July 1, 2006
 
PARALLEL UNIVERSE: Mother (Nature) Doesn’t Like Us Very Much
 
By David M. Kinchen

 
Editor, Huntington News Network
 
Sidney, NY
Hinton, WV (HNN) – Let’s face it: Mother Nature doesn’t like us very much. The storms this past week all the way from upstate New York to Virginia and West Virginia once again prove that to me.
 
She wants us off her riverbanks, as the graphic photos of the town of Sidney, NY, along the Susquehanna River north of devastated Binghamton, NY show. Sidney is just a bit bigger than Hinton, with 4,000 people to our 2,700. The scenes of flooded areas in Pennsylvania, New York, New Jersey, Maryland and elsewhere remind this observer that people who live along watersheds should expect to be flooded.
 
Except for what is often belittled as one of the most backward states in the Nation, my home for the last 14 years, West Virginia. Specifically Hinton, which I chose for four reasons: Scenic beauty, affordable housing, Amtrak service and no flooding.
 
Not a rainy day goes by that I don’t thank the powers that be that there were no environmentalists in the 1940s, when Bluestone Dam was conceived and built. That the Sierra Club was restricted to hiking in the Sierra mountain range in California. Folks in the Susquehanna and Delaware River basins lack the water controlling dams like those in West Virginia – and California, too. Don’t forget, Californians: Without the Shasta and the Folsom dams – to name just two in the Golden State – Sacramento and much of central California would be under water.
 
Bluestone Lake and Dam
Had there been “environmentalists”, the proposal to dam the “scenic and wild” New River would have died aborning.

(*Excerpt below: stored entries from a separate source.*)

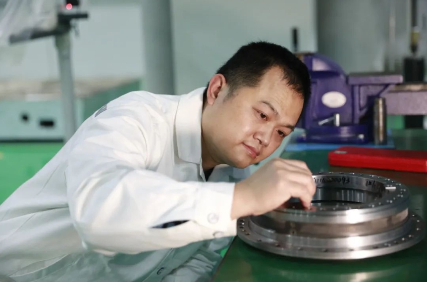 “必須持之以恒地以精益求精、精雕細琢的工匠精神打造所經(jīng)手的每個產(chǎn)品!”這是周虎常提的一句話。燃氣輪機機匣零組件制造精度要求高,裝配質(zhì)量控制嚴,其加工、裝配工藝技術代表機械制造行業(yè)的先進水平。武漢船機首套燃氣輪機機匣產(chǎn)品裝配工作由周虎帶領班組成員進行,其高超的技能水平保障了產(chǎn)品的裝配質(zhì)量與進度。在25兆瓦燃氣輪機過渡段機匣葉片裝配過程中,因葉片與機匣外環(huán)裝配為燕尾槽式的榫接結構,葉片榫頭與燕尾榫槽三面的接觸面積要求高達80%以上,需由鉗工拂配以達該指標。葉片榫頭拂配過程中,周虎采用銼刀銼削裝配面,利用其長期磨練掌握的良好手感,將銼削量誤差控制在0.005-0.01毫米,大大減少了葉片試裝配次數(shù),裝配效率顯著提升。
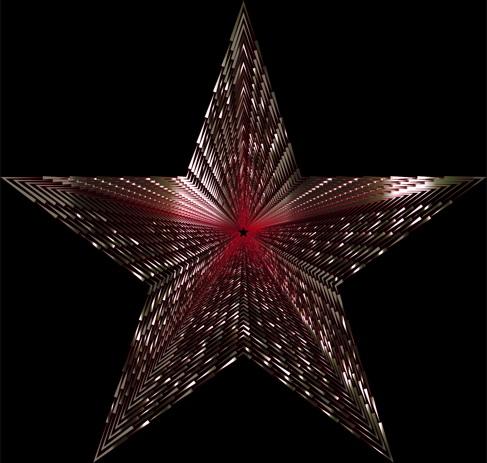 This features a large, intricate red and black star with metal spikes. These spikes create an interesting tunnel-like effect within the star, giving it a unique and captivating appearance. The star is positioned in the center of the frame, drawing attention to its striking design. Overall, this artistic representation of a star showcases creativity and craftsmanship through its use of metal spikes and vibrant colors.
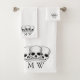 Bath towel set, consisting of a face cloth, hand towel and bath towel with a skull design. You can have this bath towel set in any colour by changing the background just click the edit this design button and choose the colour of your choice. You can also customise the text to read whatever you want. Should you require any help with customising then contact us through the message link on this page. Skull design bathroom towel set
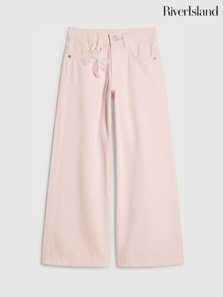River Island Pink Keyring Lace Wide Leg Jeans

When was the last dam built? Forty years ago, fifty years ago? Bluestone Dam was completed in 1952 and proved its worth once again this past week.
 
Not only in Summers and Raleigh and Fayette counties, but also in Kanawha County residents of southern West Virginia should be grateful for the dam and its power to reduce flood danger. Absent the Bluestone Dam – and the Summersville Dam on the Gauley River in Nicholas County -- the Kanawha River would have flooded its banks in the greater Charleston area.
 
Hinton is particularly vulnerable because of the three rivers that converge here: The Greenbrier, New and Bluestone all begin in higher elevation areas than our approximately 1,400 feet above sea level. This contributes to the force of water rushing down the hillsides into the rivers. I’ve seen historic pictures of flooding in Avis and Bellepoint before the dam was completed. They look just like the pictures from Sydney, NY, Easton, PA, Binghamton, NY and Wilkes-Barre, PA, where more than 200,000 people were evacuated.
 
As for damaging the environment, I point to the areas of the New River just past our wonderful dam, where some of the best fishing in the Mountain State – with several records – is on tap. Tourism is a vital part of our county’s economy – and the economy of the state as a whole. Bluestone Lake, behind the dam, is a popular tourist attraction. This is also the case with recreational lakes created in flood-prone states like Tennessee and Kentucky. You can joke all you want about T-shirts from Tennessee with the slogan: “Paddle faster! I hear banjo music” but tourist dollars are important in all the areas affected by this week’s deluge.
 
News reports are still sketchy about the dollar cost of the flooding north of us, but the estimates of about $100 million given by NY Gov. George Pataki sound a little on the meager side to me. He called the flooding in his state’s southern tier of counties – Broome, Chenango, Delaware, etc. – “unparalleled devastation.”
 
NJ Gov. Jon S. Corzine said that the destruction reminded him of flooding in April 2005 that caused $30 million in damage.
 
Maybe Mother Nature has reasons to hate humankind, but I think it’s about time we either consider proper flood control measures – including dams – or abandon living along rivers. The latter is obviously unthinkable, so the former should be considered.